→ Dataset extract:
____
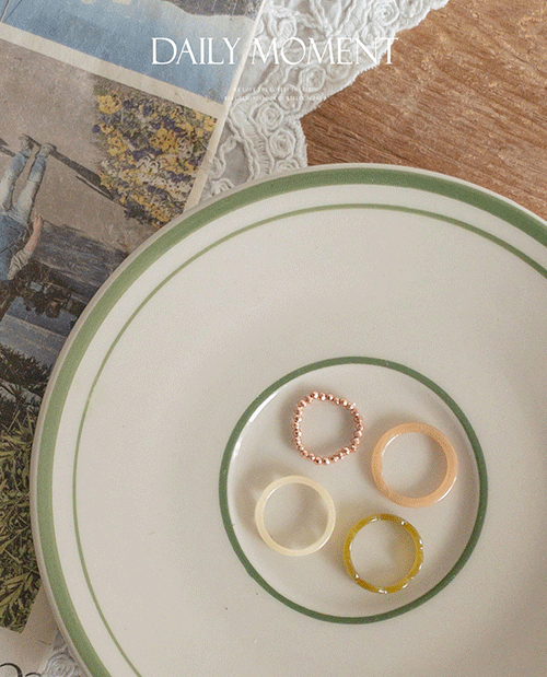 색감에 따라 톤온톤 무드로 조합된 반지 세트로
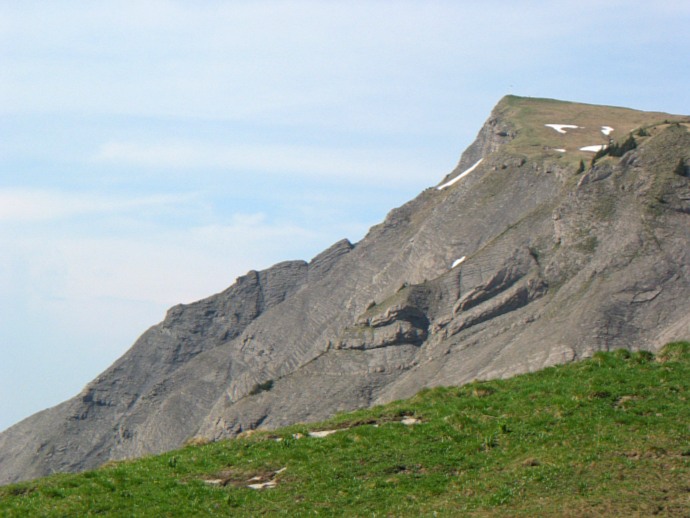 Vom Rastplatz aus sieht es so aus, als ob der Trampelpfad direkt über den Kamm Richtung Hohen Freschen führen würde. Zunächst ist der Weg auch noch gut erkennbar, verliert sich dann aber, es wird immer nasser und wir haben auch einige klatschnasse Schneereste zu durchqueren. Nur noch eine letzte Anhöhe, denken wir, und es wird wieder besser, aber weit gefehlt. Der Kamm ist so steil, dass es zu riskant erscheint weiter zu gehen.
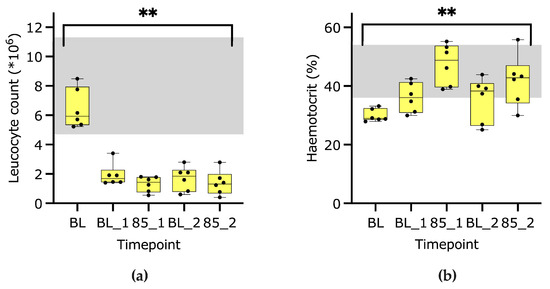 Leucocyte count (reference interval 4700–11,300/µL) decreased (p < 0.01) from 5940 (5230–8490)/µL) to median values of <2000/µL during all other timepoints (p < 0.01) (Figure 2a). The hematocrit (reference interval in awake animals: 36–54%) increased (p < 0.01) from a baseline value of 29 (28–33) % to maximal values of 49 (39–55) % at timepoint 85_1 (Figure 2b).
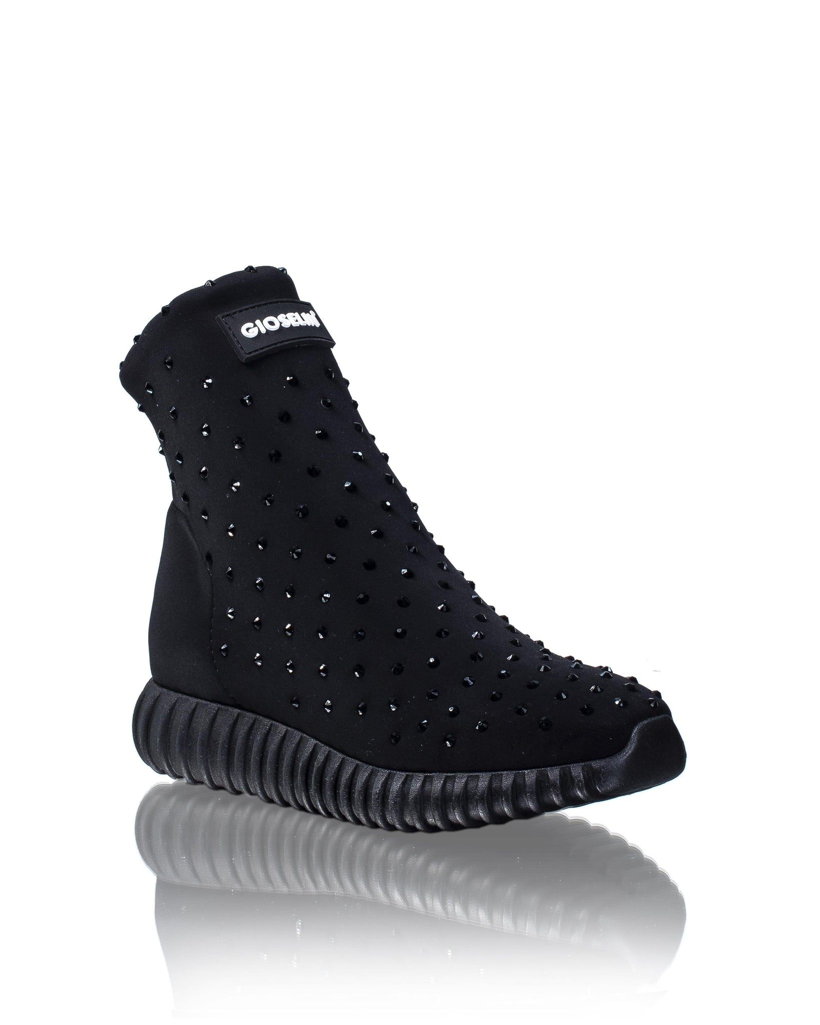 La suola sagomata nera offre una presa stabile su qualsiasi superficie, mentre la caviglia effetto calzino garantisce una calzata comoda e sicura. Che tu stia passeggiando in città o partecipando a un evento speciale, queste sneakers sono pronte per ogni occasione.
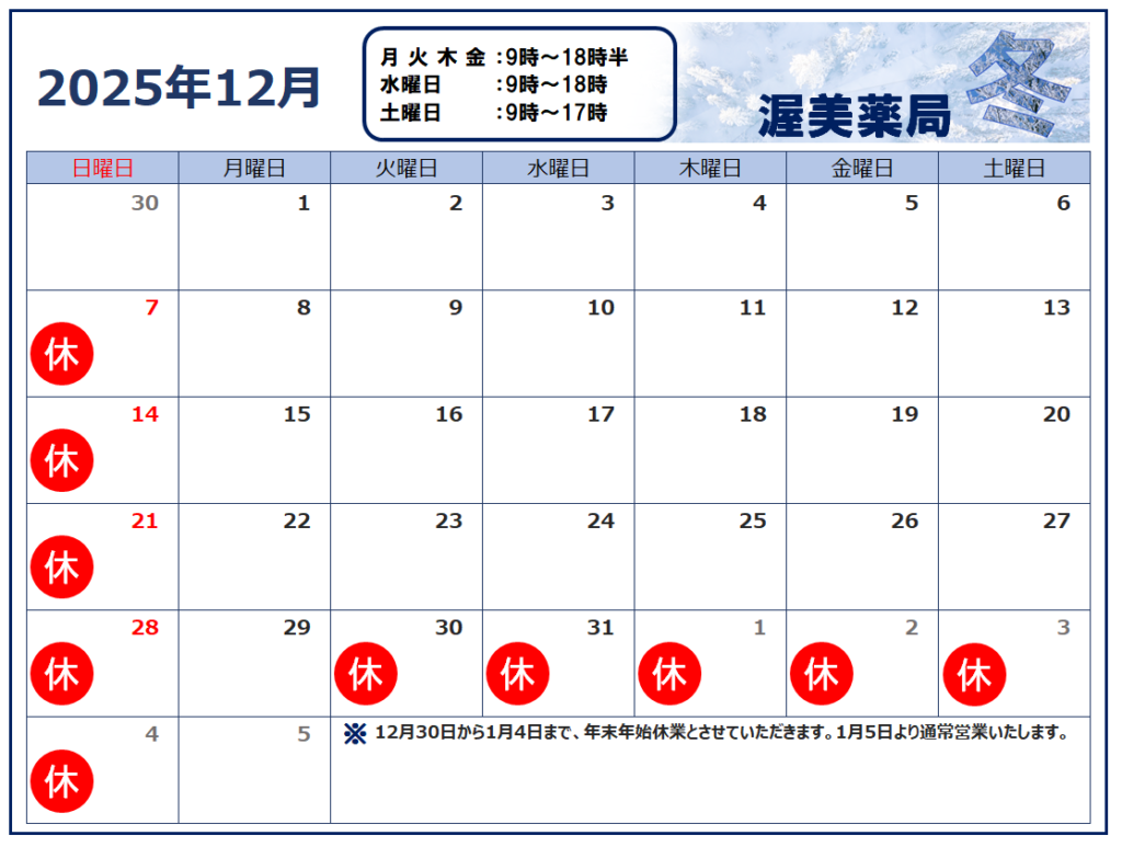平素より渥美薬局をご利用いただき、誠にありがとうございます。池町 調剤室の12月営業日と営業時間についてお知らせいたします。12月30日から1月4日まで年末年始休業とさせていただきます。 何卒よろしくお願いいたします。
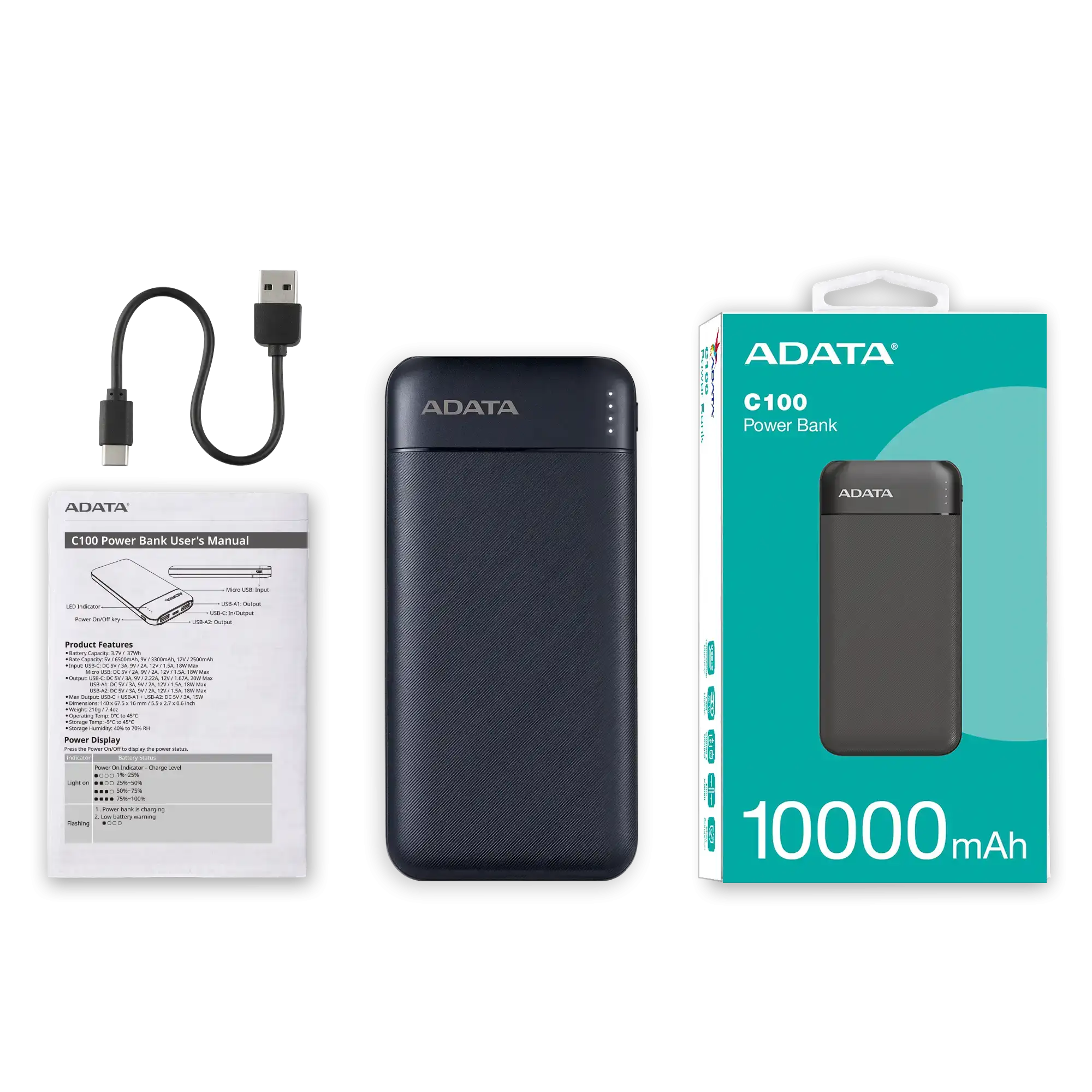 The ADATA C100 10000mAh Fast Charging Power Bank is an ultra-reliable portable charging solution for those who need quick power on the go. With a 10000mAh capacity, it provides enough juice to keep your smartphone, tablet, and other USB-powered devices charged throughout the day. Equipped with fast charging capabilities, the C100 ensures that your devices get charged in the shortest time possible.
____
→ To do:
Set down every record once more, word for word, without pictures.

→ Task solution:
 색감에 따라 톤온톤 무드로 조합된 반지 세트로
 Vom Rastplatz aus sieht es so aus, als ob der Trampelpfad direkt über den Kamm Richtung Hohen Freschen führen würde. Zunächst ist der Weg auch noch gut erkennbar, verliert sich dann aber, es wird immer nasser und wir haben auch einige klatschnasse Schneereste zu durchqueren. Nur noch eine letzte Anhöhe, denken wir, und es wird wieder besser, aber weit gefehlt. Der Kamm ist so steil, dass es zu riskant erscheint weiter zu gehen.
 Leucocyte count (reference interval 4700–11,300/µL) decreased (p < 0.01) from 5940 (5230–8490)/µL) to median values of <2000/µL during all other timepoints (p < 0.01) (Figure 2a). The hematocrit (reference interval in awake animals: 36–54%) increased (p < 0.01) from a baseline value of 29 (28–33) % to maximal values of 49 (39–55) % at timepoint 85_1 (Figure 2b).
 La suola sagomata nera offre una presa stabile su qualsiasi superficie, mentre la caviglia effetto calzino garantisce una calzata comoda e sicura. Che tu stia passeggiando in città o partecipando a un evento speciale, queste sneakers sono pronte per ogni occasione.
平素より渥美薬局をご利用いただき、誠にありがとうございます。池町 調剤室の12月営業日と営業時間についてお知らせいたします。12月30日から1月4日まで年末年始休業とさせていただきます。 何卒よろしくお願いいたします。
 The ADATA C100 10000mAh Fast Charging Power Bank is an ultra-reliable portable charging solution for those who need quick power on the go. With a 10000mAh capacity, it provides enough juice to keep your smartphone, tablet, and other USB-powered devices charged throughout the day. Equipped with fast charging capabilities, the C100 ensures that your devices get charged in the shortest time possible.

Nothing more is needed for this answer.